We can keep him in the kitchen. The light’s good in there and I’m in and out all day, so he won’t be lonely, and most importantly, he’ll never suspect he’s in a home with other fish. ”
Perhaps it’s the tequila, but for some reason, it touches me deeply that Mae is prepared to go to such lengths to make Ragnar feel at home.
My anxiety has been terrible since Leyton moved out.
I’ve been sleeping badly and feeling like a massive asshole for owning a pet when I travel so much for work, but now, for the first time in days, I feel lighter.
This could work. Mae knows her stuff. The apartment is nice and looks safe. Ragnar will be in good hands. On top of all that, it means I don’t even have to find a new roommate. I can finally have my place to myself.
Talk about winning.
Mae folds the blanket and puts it back over the couch. “The flyer said you travel a lot. What is it you do?”
“I’m a hockey player.”
“Hockey?” she asks, scrunching her nose. “Quite a savage game, isn’t it?”
“It is,” I reply with a hint of pride .
She unleashes a beatific smile. “How nice. I’ve always been a fan of savagery myself. What position do you play?”
“Goalie.”
She takes another bite of her cookie and chews thoughtfully. “Does it ever bother you that thousands of people sit directly behind you each game, with a full view of your ass?”
I clear my throat and bite back a dry cough. “To be honest, I’ve never really thought about that until now, Mae.”
Her beatific smile turns mischievous. “I bet it will bother you now, won’t it?”
“I bet it will. Thanks for that.”
Mae raises a hand to her mouth in a faux attempt to hide a truly evil cackle.
I laugh without meaning to. Without taking a second to decide to do it.

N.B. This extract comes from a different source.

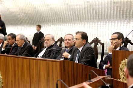 Brasília - O presidente nacional da Ordem dos Advogados do Brasil (OAB), Marcus Vinicius Furtado Coêlho, participou nesta segunda-feira (07), da sessão solene em comemoração aos 25 anos do Superior Tribunal de Justiça (STJ), instalado oficialmente no dia 7 de abril de 1989. O presidente do STJ, ministro Felix Fisher, presidiu a solenidade.

Without thinking about whether it’s appropriate or polite, or if the situation calls for it.
It’s a belly laugh that’s not about what she said or the fact that she’s laughing.
It’s because I like her. I like this crazy old lady a crazy amount.
She’s fucking nuts, and I’m here for it.
It almost never happens anymore that I meet someone and like them without reservation.
It feels really good .
Without meaning to, I spend over an hour at Mae’s. We talk utter shit and make each other laugh over more and more ridiculous things.